Disposal of Effluent

• Disposal by dilution: "Disposal by dilution" refers to the disposal of waste into water bodies like rivers and streams. Before releasing the effluent into a river or body of water, it is vital to take into account the river's capacity for dilution and the amount of dissolved oxygen present. If river water is used for drinking, sufficient chlorination must be used to rid the effluent of pathogenic organisms. Today's industry has created hundreds of new compounds that biological therapy cannot eliminate. As a result, the effluent may contain compounds that are hazardous to humans or that can harm crops, kill fish, or interfere with a stream's regular flow.
• Land disposal: The wastewater can be used for irrigation if there is adequate land available.
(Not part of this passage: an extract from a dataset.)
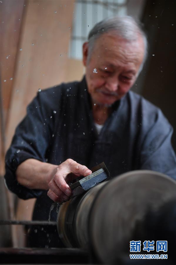 10月12日,丁國(guó)坤在家中對(duì)一件未成形的脫胎漆器進(jìn)行“水磨”工序。新華社記者胡晨歡攝

Bagmati Civilization Conservation and Development Committee Guheshwori is an illustration of contemporary sewage treatment.

Methods of Sewage Disposal

• Sea outfall: Seacoast cities and towns have the option of dumping their sewage into the sea. The sewage is diluted in the sea water due to the increased depth of the ocean, and the solid gradually oxidizes. This method has the disadvantage that objectionable solid waste may wash back to the coast and cause a public nuisance. The sewage outfall is constructed to discharge the sewage into deep water through a lengthy sewerage system in order to avoid this. For countries like Nepal that are landlocked, this approach is ineffective.
• The majority of the Kathmandu Valley and other cities in Nepal use this technique, which contaminates the rivers and streams. However, close to Pashupati, the Bagmati Civilization Conservation and Development Committee (previously known as the High Powered Committee for Integrated Development of the Bagmati Civilization) Guheshwori treats the sewage as per modern sewage treatment process & as per modern sewage treatment process then falls at Pingalasthan in the Bagmati River, beneath the Pashupati Temple.
• Sewage may be applied to the land after grit removal, screening, and a brief period of settlement if sufficient and adequate land (porous soil) is available. The term "wide irrigation" also applies to this approach. Through the use of a conduit, the sewage is directed to land. The ground is first divided into ridges and furrows, then crops are planted on the ridges and sewage is intermittently fed into the furrows. The best crops are ones that are likely to be consumed raw and don't come into contact with sewage. It is possible to produce fruit trees with fruits that hang high above the ground. However, crops that will come into touch with sewage, such as sugarcane, coriander, cucumber, tomato, and onion, shouldn't be cultivated. The farm ought to fall under
• Using an oxidation pond to dispose of waste is less expensive. Other names for it include sewage lagoons, redox ponds, and waste stabilization ponds. The oxidation pond is an open, shallow pool that is between 3 and 5 feet deep and has an outlet. An oxidation pond requires the following elements to qualify:
  • Specific bacterial species that feed on organic waste that has decomposed
  • Sun-light 
  • Algae
• Bacteria convert the organic content in sewage to simple chemical components like carbon dioxide, ammonia, and water. The carbon dioxide, water, and inorganic minerals are used by the algae along with sunshine to fuel their growth. Algae and bacteria coexist in oxidation ponds in a biological equilibrium that is mutually beneficial. The most crucial component of life, oxygen, is mostly obtained from algae that release oxygen when exposed to sunshine. So, on sunny days, oxidation ponds operate effectively. Purification is carried out by anaerobic means at night and aerobic means during the day. Thus, both aerobic and anaerobic species of bacteria work together to purify sewage in oxidation ponds.
• Open drainage is used by the vast majority of persons in our neighborhood. A health hazard is an open drainage because it:
  • Assists in fly reproduction
  • Food is contaminated
  • Pollutes water, soil, and air
  • Pollutes the environment Typhoid, paratyphoid, fever, dysentery, diarrhea, cholera, hookworm, ascariasis, and viral hepatitis are among the illnesses brought on by unhygienic conditions.